Hartz IV eine Geldverbrennungsmaschine?

Im schönen Saarland freuen sich die Gerichte über sinkende Zahlen bei den Klagen gegen Hartz IV-Entscheide.

Dieser jedoch liegt so gar nicht im bundesdeutschen Trend. Nach einer Berechnung des Bundessozialgerichtes stiegen die Klagen um drastische 28 Prozent. Den Grund für die Klagen sehen Kritiker größtenteils, dass Hartz IV als Sozialleistung an sich kaum dem eigentlichen Sinn der Schaffung gerecht werden könne.

Aus reinem Spaß an der Freude, soviel steht fest, wagen die Bezieher von Hartz IV jedenfalls in der breiten Masse sicher nicht den Gang vor den Kadi. Die komplizierten Richtlinien und Vorschriften machen nach Meinung vieler Sozialexperten Hartz IV zu einer vielfach nicht ansatzweise effizienten Leistung.

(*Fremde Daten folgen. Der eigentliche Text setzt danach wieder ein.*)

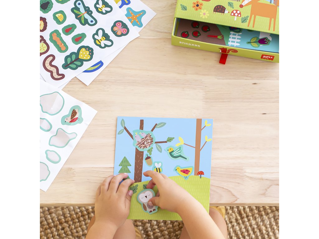 Užijte si s dětmi nekonečnou zábavu s nalepováním a vytvářením svého vlastního originálního lesa. Pomocí samolepek můžete hodiny a hodiny vytvářet obrázky lesa s jeho jedinečnou atmosférou. Skládejte s dětmi svoji lišky, houby, sovy a další lesní zvířátka a užívejte si objevování lesa a jejich obyvatel.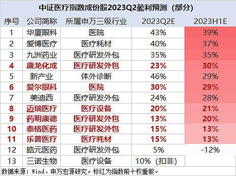 单季度来看,13只成份股中有8只第二季度净利润预计实现20%以上增长,其中爱尔眼科、泰格医药、乐普医疗、华厦眼科等6家公司第二季度净利增速超过了上半年增速,反映业绩恢复势头向好。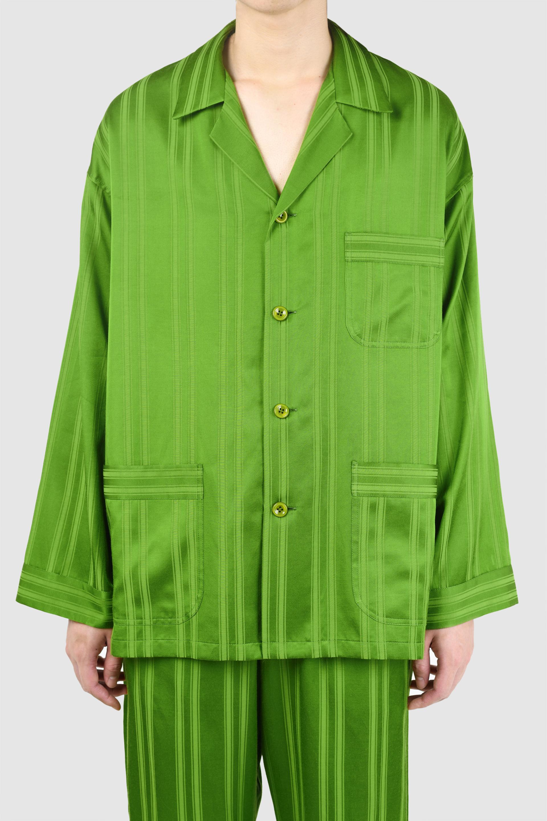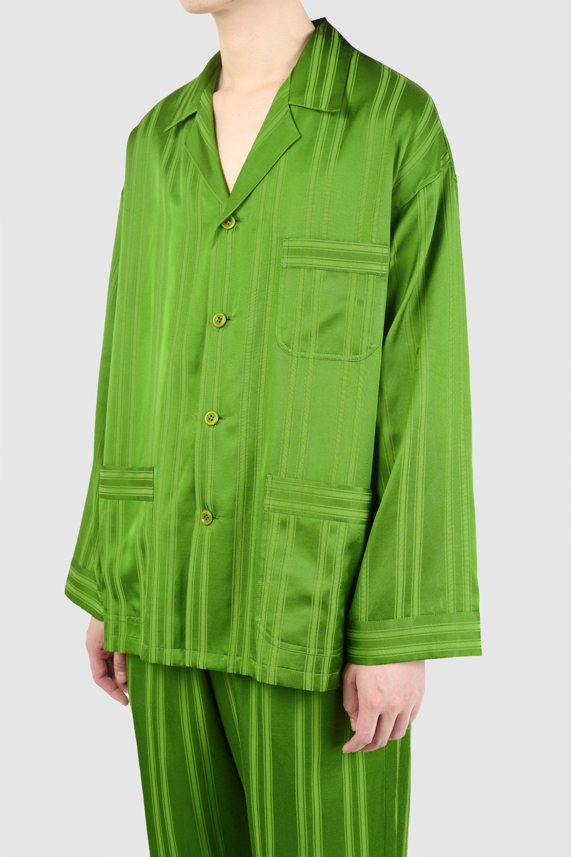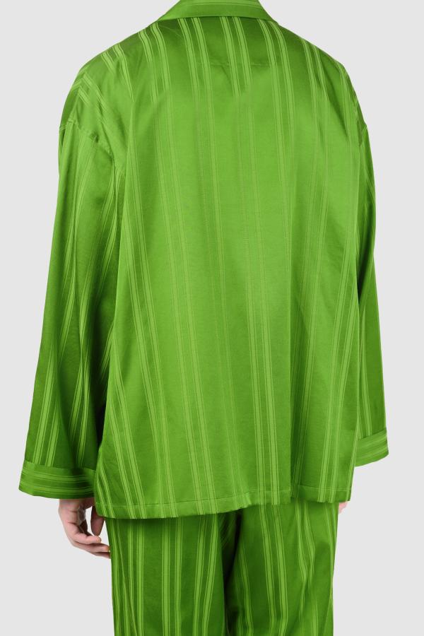 ストライプ柄のサテン素材を使用したビッグパジャマシャツ。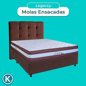 Cama Box + Colchão Casal Molas Ensacadas Legaccy Paropas + Cabeceira Estofada - Marrom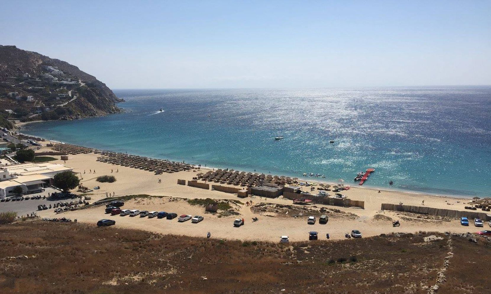 Mykonos Villa Brigitte is located atop the hill just to the back of Elia Beach, part of a brand new development of private properties overlooking the fine sand and clear waters of this famous beach on the southeastern side of Mykonos.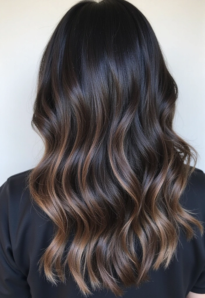 Caramel highlights are a classic choice that never goes out of style! They add warmth and dimension to black hair, making it look effortlessly chic. The deep and rich tones of black contrast beautifully with luscious caramel swirls, creating a stunning visual impact.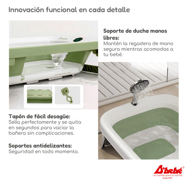 - Higiene y Comodidad: Cuenta con tapón de desagüe de fácil apertura y soporte para regadera, para que tengas las manos libres para consentir a tu bebé.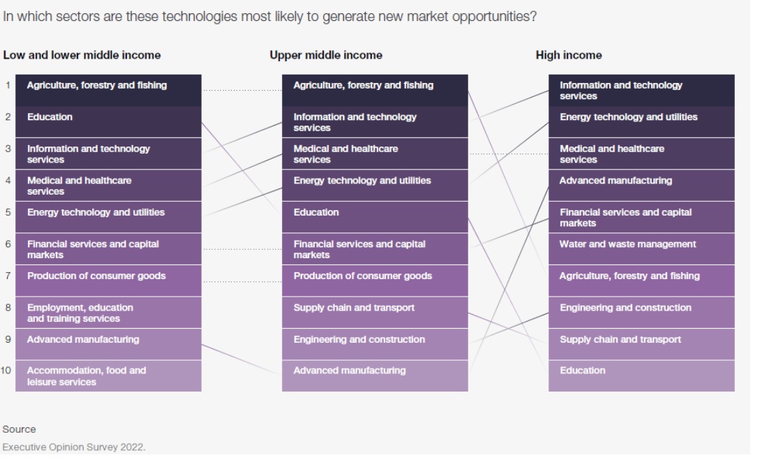 في وقت كانت فيه التوقعات للاقتصاد العالمي في أضعف مستوياتها منذ عام 1990 ، تحدد الأبحاث الحديثة من المنتدى الاقتصادي العالمي (WEF) الاتجاهات الجديدة التي تحدد أسواق النمو الرئيسية التي يمكن أن تنشط النمو الاقتصادي في خدمة المجتمع.
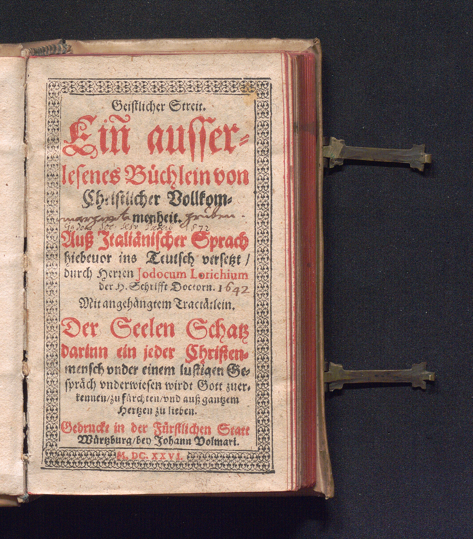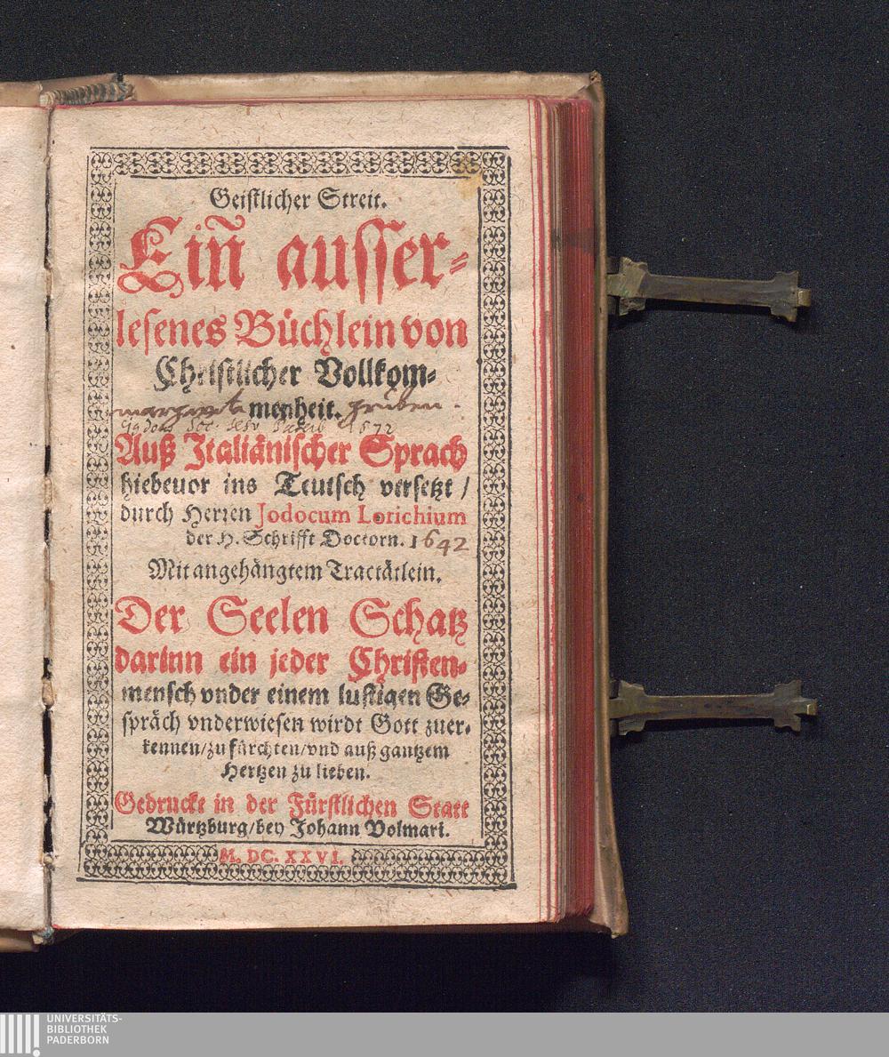 Geistlicher Streit : Ein ausserlesenes Büchlein von Christlicher Vollkommenheit : Mit angehängtem Tractätlein. Der Seelen Schatz darinn ein jeder Christenmensch vnder einem lustigen Gespräch vnderwiesen wirdt Gott zuerkennen/ zu fürchten/ vnd auß gantzem Hertzen zu lieben / [Lorenzo Scupoli]. Auß Jtaliänischer Sprach hiebeuor ins Teutsch versetzt/ durch Herren Jodocum Lorichium der H. Schrifft Doctorn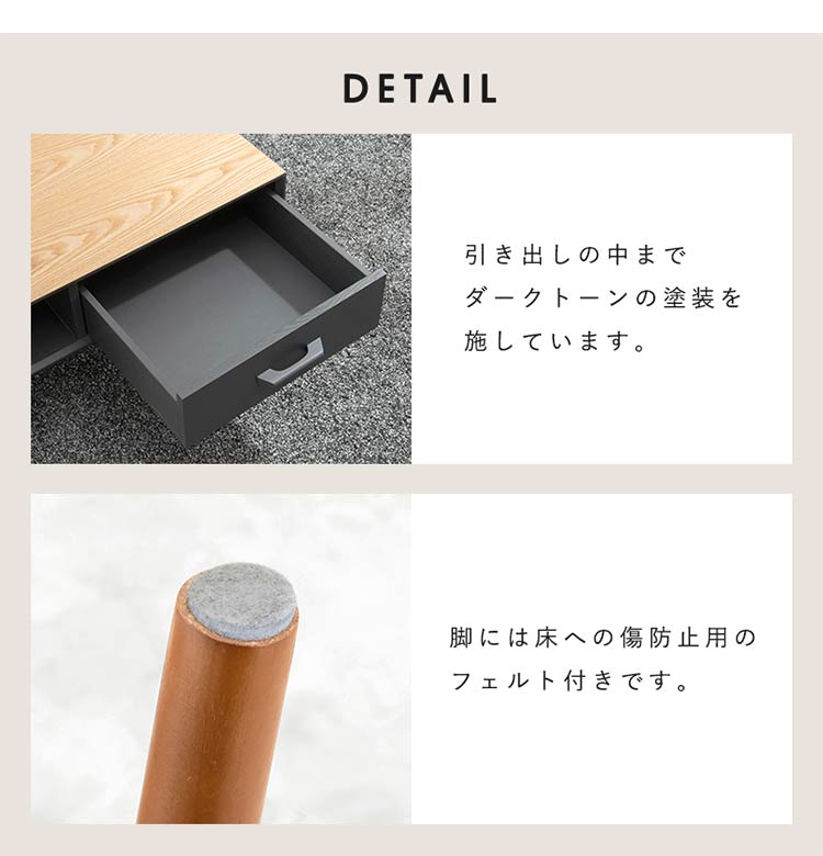引き出しにはリモコンや雑誌、A4サイズの書類まで収納OK。デスクワーク用の机としても使えます。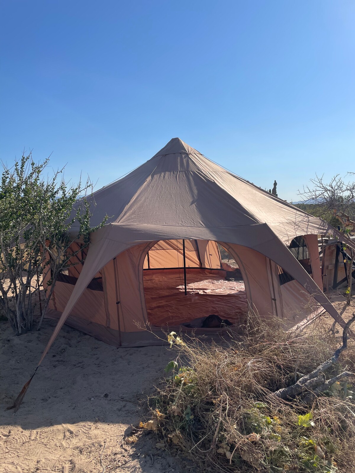 Imagina despertar en el corazón del desierto de Baja. Pasa la noche en una tienda de glamping con colchón matrimonial y baño privado al aire libre. Disfruta una ducha caliente bajo las estrellas, cocina en la cocina exterior o déjanos cocinar para ti! Trabaja rodeado de paz, cactus y silencio. No es solo un lugar para dormir, es un espacio para reconectar, respirar profundo y recordar lo simple y bello que es vivir. ¡Baja te espera!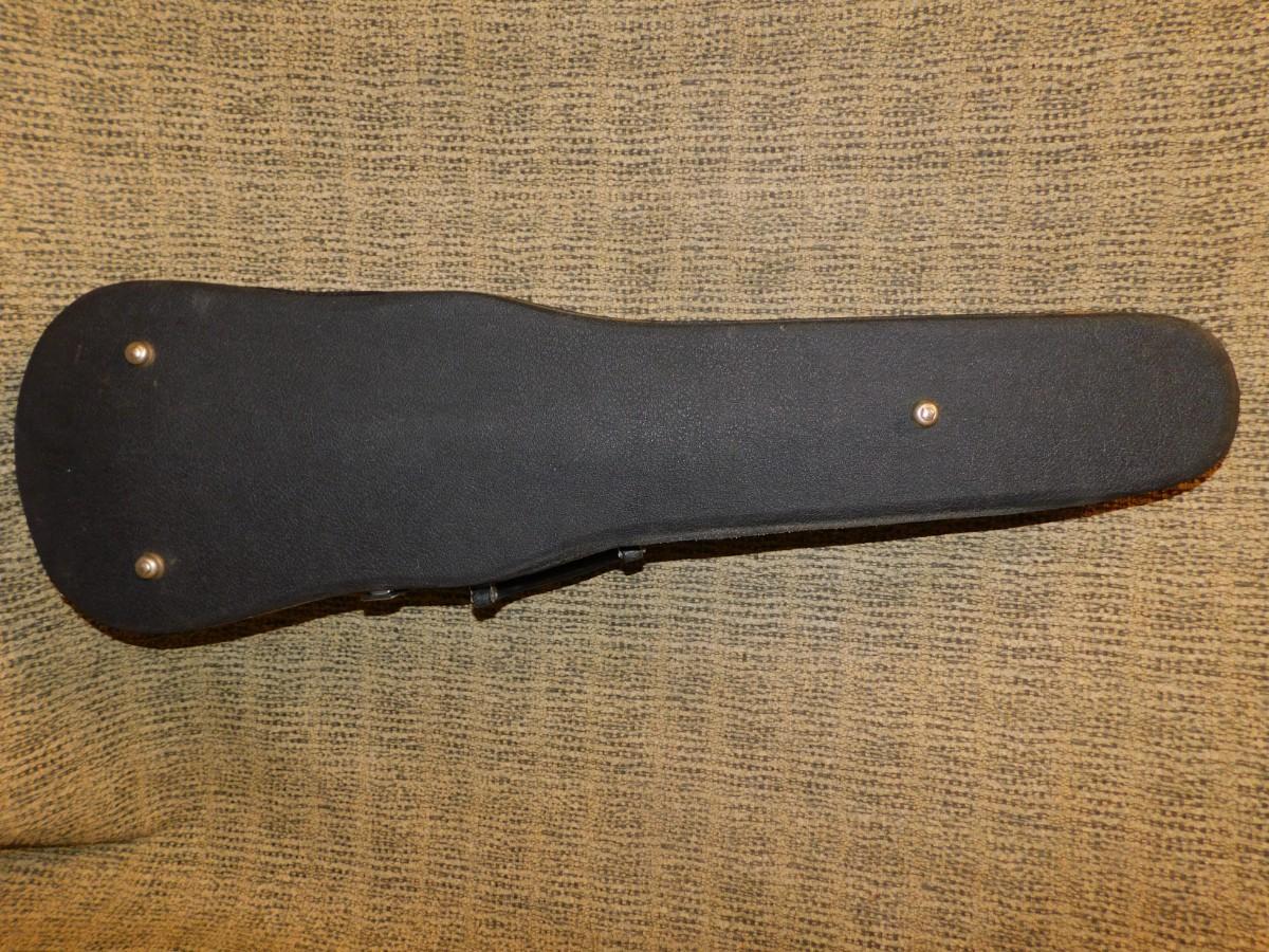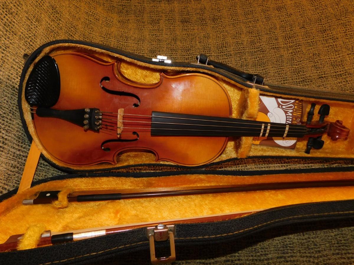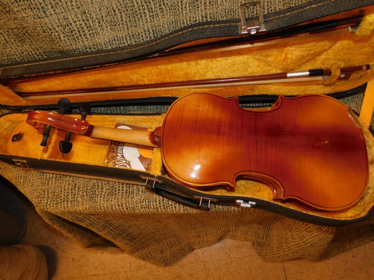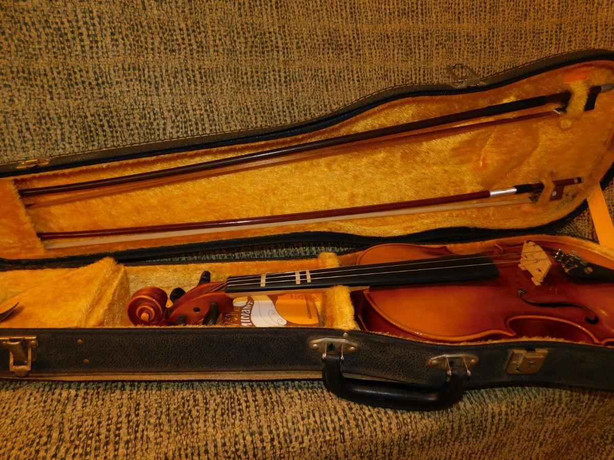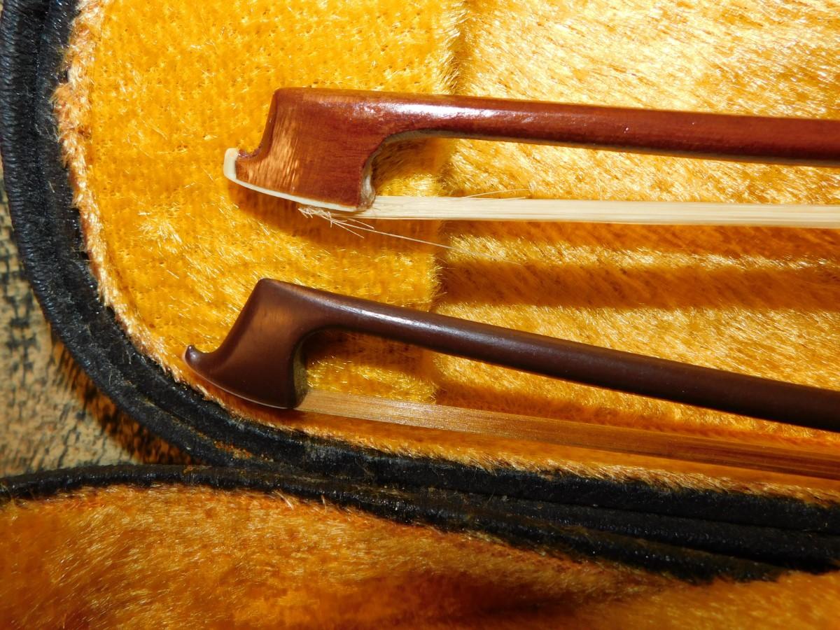 Comes with case, which has signs of age and wear, nice interior. Violin is in excellent condition. Comes with two bows, extra strings, rosin and mute.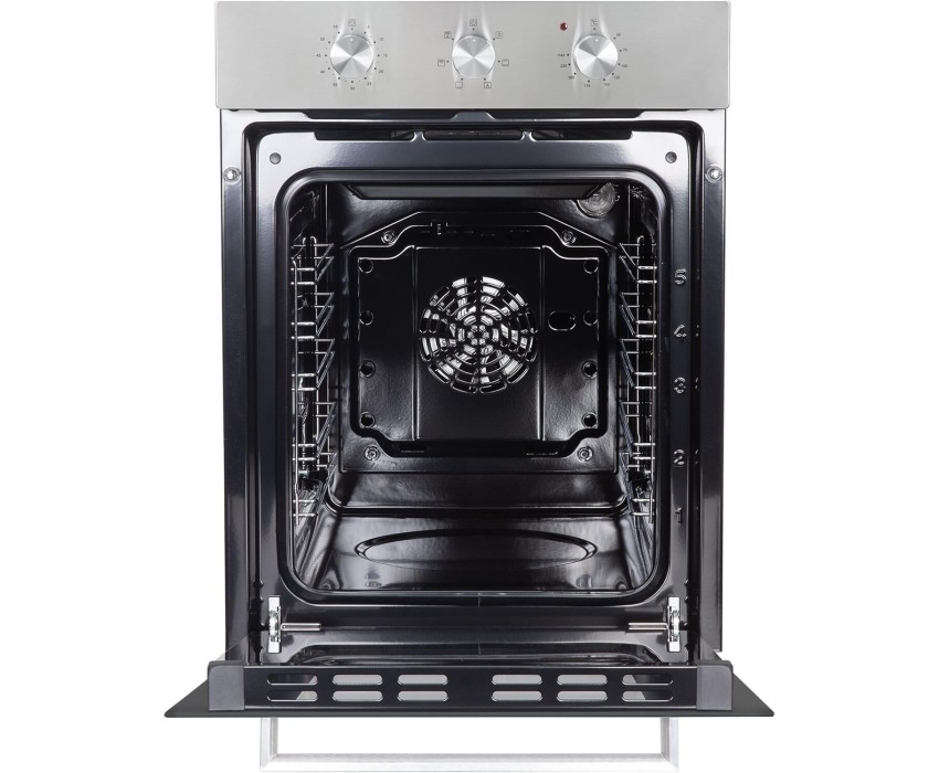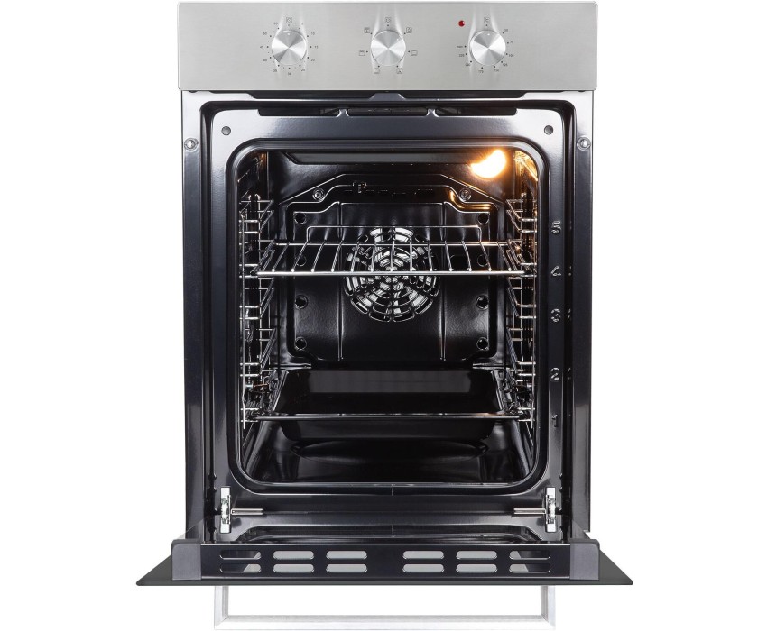 Духовой шкаф (электрический). Цвет: Серебро, Цвет фурнитуры: нержавеющая сталь, Материал фасада: закаленное стекло, Класс энергопотребления: A, Управление: поворотные переключатели, Объем: 51 литра, Количество функций: 6, Функции гриль, гриль с конвекцией, нижний нагрев, верхний и нижний нагрев, верхний и нижний нагрев с конвекцией, подсветка. Мощность: 2200 Вт, МАХ температура нагрева: 250°С, Стекла дверцы: двойное съемное стекло, Панорамное внутреннее стекло Smart Eye, Холодный фронт, Очистка духовки: эмаль Easy Clean, Тангенциальное охлаждение, Хромированные боковые направляющие, Уровней установки противня: 5, Решетка, Противень: стандартный, Габариты (ШхГхВ): 445*600*600 мм, Ниша для встраивания (ШхГхВ): 410*550*589 мм, Длина шнура: 1230 мм, Вес нетто: 23 кг, Вес брутто: 26 кг, Срок службы до 10 лет

Überforderte Behördenmitarbeiter sind die Folge, die wiederum Stress im Arbeitsalltag bedingt. Daraus resultieren oftmals Falschentscheidungen, die mitunter im Falle einer Klage deutlich höhere Kosten entstehen lassen für die Staatskasse, als sie von einer Hartz IV-Bewilligung verursacht worden wären. Die Statistik bestätigt diese Vermutung: Mehr als die Hälfte der Klagen hat Erfolg vor den deutschen Sozialgerichten, die der Flut von Klagen kaum Herr werden.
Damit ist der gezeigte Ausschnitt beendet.